INPUT FOR THIS TASK

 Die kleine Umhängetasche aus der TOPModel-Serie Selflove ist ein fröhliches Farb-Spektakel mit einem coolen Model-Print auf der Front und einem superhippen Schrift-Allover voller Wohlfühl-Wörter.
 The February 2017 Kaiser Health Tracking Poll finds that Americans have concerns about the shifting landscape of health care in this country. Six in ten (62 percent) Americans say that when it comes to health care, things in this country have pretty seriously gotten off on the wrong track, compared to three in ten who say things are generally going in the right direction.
---
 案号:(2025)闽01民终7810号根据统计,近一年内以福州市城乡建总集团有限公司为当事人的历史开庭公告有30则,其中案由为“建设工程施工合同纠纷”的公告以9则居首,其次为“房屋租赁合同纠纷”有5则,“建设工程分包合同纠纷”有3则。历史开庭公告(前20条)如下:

WHAT YOU NEED TO DO
Set down exactly the lines of the data above, beginning with the line that has "Die kleine Umhängetasche" and ending with the line that has "The February 2017", and no others.

REPLY
 Die kleine Umhängetasche aus der TOPModel-Serie Selflove ist ein fröhliches Farb-Spektakel mit einem coolen Model-Print auf der Front und einem superhippen Schrift-Allover voller Wohlfühl-Wörter.
 The February 2017 Kaiser Health Tracking Poll finds that Americans have concerns about the shifting landscape of health care in this country. Six in ten (62 percent) Americans say that when it comes to health care, things in this country have pretty seriously gotten off on the wrong track, compared to three in ten who say things are generally going in the right direction.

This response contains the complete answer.